How To Know If You’re Hungry

You know those days where you have ridiculous cravings, but don’t really know if you’re actually hungry? When I switched up my workout plan, I faced this a lot and frankly, got a little frustrated because I felt like I was eating for the sake of eating and not because I was actually hungry.

Sometimes cravings can trick us into thinking that we’re hungry when we’re actually eating out of habit, sadness/emotions, or boredom.

Here are ways you can combat your cravings and identify whether you’re truly hungry.

person with hair in face in front of a fridge
Corey Motta

1. Drink water.

Sometimes you think you’re hungry when you’re actually thirsty. Our bodies will send signals to us when we’re dehydrated which can be mistaken for cravings. Drink a big glass of water and see how you feel after.

2. Identify your hunger.

According to Clean Plates’ author Heather Sears, ‘naming your hunger’ is a strategy for seeing whether you’re actually hungry or not.

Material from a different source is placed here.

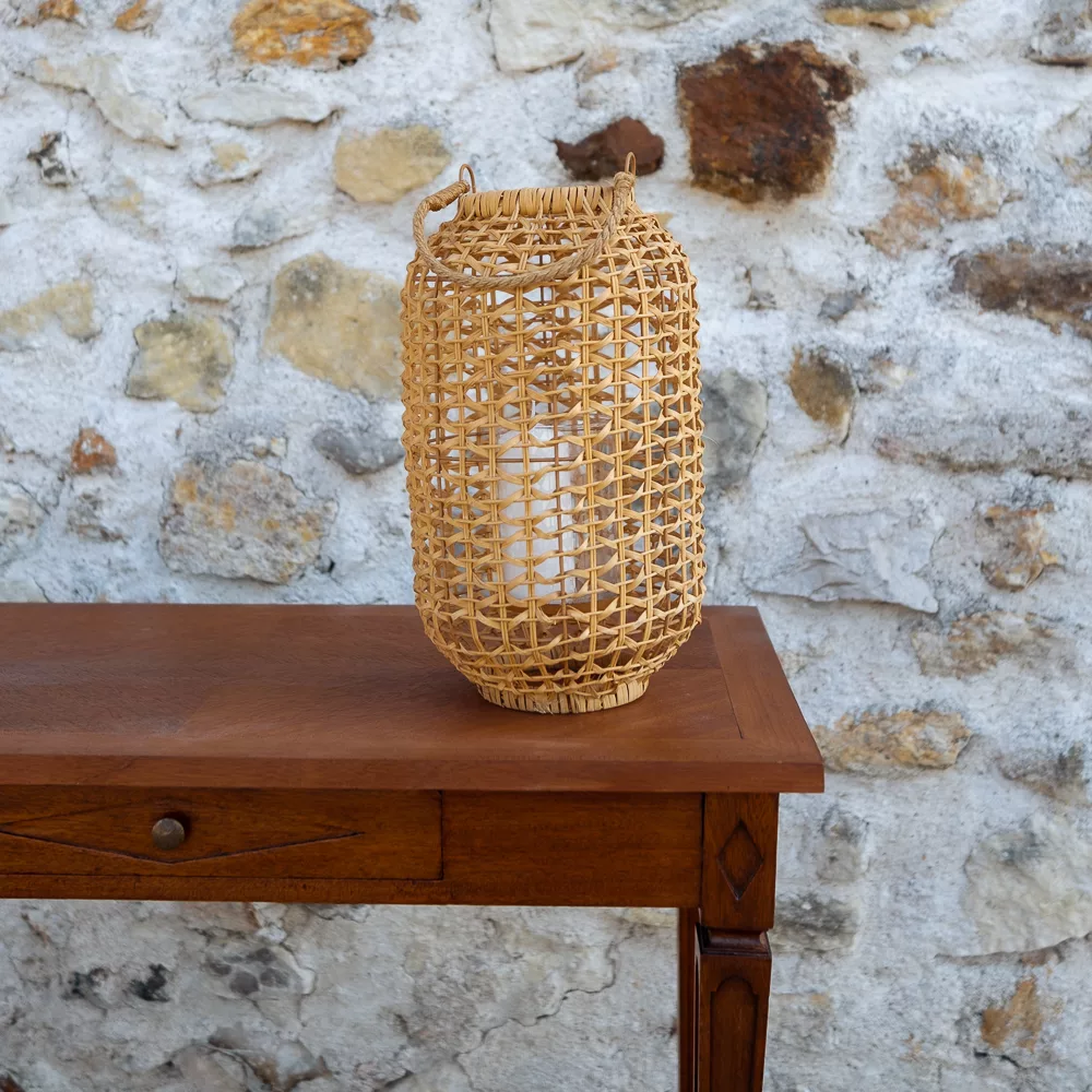 Lanterne cylindrique en raphia tressé

According to her, here are the types:

  • Visual hunger. We all have a natural desire to look at food. Seeing crave-worthy food, physical or virtual, can make us want to eat.
  • Nose hunger. Our sense of smell is linked with taste. Smelling cookies in the oven or rotisserie chicken in the store can trigger this type of hunger.
  • Ear hunger. The sounds of meal preparation (like bacon sizzling in a frying pan) can literally make your mouth water.
  • Mouth hunger. Food tastes good, so sometimes we crave that sensation whether we actually need food or not. And as one craving for flavor is satisfied, our mouth hunger can perk back up if we switch to new tastes.
  • Cellular hunger. When your body needs particular nutrients, you may feel physical manifestations similar to those you experience when you need food, like headaches, fatigue, or irritability.
  • Mindless hunger. This is when we eat out of habit or are distracted and eat on autopilot: In front of a device or TV, or at a movie, for example.
  • Emotional hunger. We may associate certain foods with treats from our past or think of them as offering relief from unpleasantness. We may have unmet emotional needs and turn to food for comfort. We might even develop habit loops around the cycle of discomfort and eating.
  • Stomach hunger. When your stomach rumbles, it could mean there’s an absence of food, but growls can occur at any time on an empty or full stomach. The rumbling is from muscular activity in the stomach and intestines and from gas moving around.

3. Focus on your present self.

When you’re feeling a craving, center yourself in the present moment. Breathe, identify stress, and notice what you’re feeling. Are you experiencing true hunger, or are your emotions manifesting themselves into cravings?

When you can identify your present feelings and behaviors, you can determine whether hunger is real or a byproduct of something else.

4. Identify your craving and see if you can eat something else to subside it.

Have you ever been craving a specific food, but realized you didn’t have it in your pantry or didn’t have the means to get it immediately? And so, as a result you settled for something else and realized you weren’t really that hungry to begin with?

Use this strategy when you have a craving—if you’re unwilling to eat anything but what you’re craving, you might not be that hungry.

5. Have a small snack.

See if you can pacify your craving with a small snack (ex: apple). If your still hungry afterwards, your cravings might be an indication that you really do need some food.